Der Druck scheint Wirkung zu zeigen: Im Jahr 2016 hatte erst ein grosser Fleischproduzent eine dezidierte Antibiotikapolitik. Nun sind es alle 20 Firmen, welche die FAIRR im Visier hat.
So hat Sanderson Farms, der grösste Geflügelproduzent der USA, angekündigt, zumindest die als besonders kritisch eingestuften Antibiotika in seinen Zuchtbetrieben nicht länger einzusetzen. Ein erster Schritt. «Null Antibiotika ist keine angemessene Antwort», sagt BMO-Expertin McCabe, «sie sollen aber nur eingesetzt werden, wenn ein Tier krank ist und der Einsatz überwacht wird.»
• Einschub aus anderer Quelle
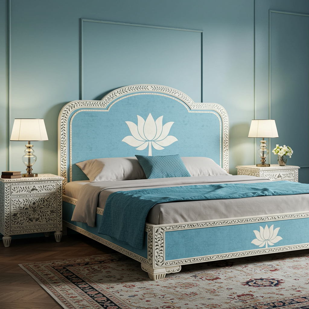 Experience sublime comfort and artisan craftsmanship with this luxury king size bed featuring an elegant blue upholstered frame adorned with intricate lotus motifs. Paired with two matching intricately carved nightstands, this set adds a sophisticated and serene ambiance to your bedroom. The detailed hand-painted floral patterns enhance its unique, artistic appeal, creating a timeless statement piece.

Fortschritte in der Lebensmittelindustrie
Der Schnellrestaurant-Riese McDonald’s hat sich im Jahr 2017 eine neue Antibiotikapolitik gegeben. Sie sieht zum Beispiel vor, dass der routinemässige vorsorgliche Einsatz von Antibiotika bei seinen Fleischlieferanten nicht erlaubt ist. Für die Beschaffung von Rindfleisch läuft derzeit ein Monitoringprogramm in den zehn wichtigsten Bezugsmärkten, um bei den Fleischlieferern den Einsatz von Antibiotika zu quantifizieren. Bis Ende dieses Jahres will McDonald’s dann bezifferte Reduktionsziele pro Markt festlegen und ab 2022 öffentlich über die Zielerreichung berichten. Nach Angaben der Medienstelle der Konzernzentrale in den USA hat sich der Restaurant-Riese bisher noch von keinem seiner Fleischlieferanten wegen Verstössen in der Antibiotikapolitik getrennt.
«In der Lebensmittelindustrie haben wir in den vergangenen zwei Jahren Fortschritte beobachtet», erklärt die UBS. In der Anlagepolitik würde die Grossbank die Aktien jener Firmen übergewichten, die bei der Anpassung an eine nachhaltigere Zukunft besser vorankommen.
Fleischproduzent Bell im «Hochrisiko»-Index
Neben der Kampagne, die gezielt auf eine Verringerung des Antibiotika-Einsatzes abzielt, hat die FAIRR-Initiative auch einen eigenen «Protein Producer Index» entwickelt: Dieser beruht auf insgesamt neun Risikokategorien, zu denen neben Antibiotika-Resistenzen auch Punkte wie Klimaschutz, Arbeitsbedingungen, Wasser- und Landverbrauch und Tierwohl zählen. Die Genfer Privatbank Pictet schliesst Unternehmen aus ihrem Anlageuniversum aus, die in diesem Index unter «Hochrisiko» geführt werden.
Das ist zum Beispiel für den Schweizer Fleischproduzenten Bell der Fall. «Das Unternehmen veröffentlicht keine Informationen in Bezug auf den Einsatz von Antibiotika oder über seine Politik mit Blick auf den Antibiotikaeinsatz», begründet ein FAIRR-Sprecher die Einstufung.
Bell erklärte, in der Frage mit der FAIRR-Initiative «bisher keinen Kontakt» gehabt zu haben. «Für unsere Vertragsproduzenten im Geflügelbereich ist ein Monitoring im Einsatz», entgegnet das Unternehmen. «In unseren Schlachtbetrieben führen wir Rückstandsanalysen durch.» Weitere Angaben dazu sollen im neuen Nachhaltigkeitsbericht folgen.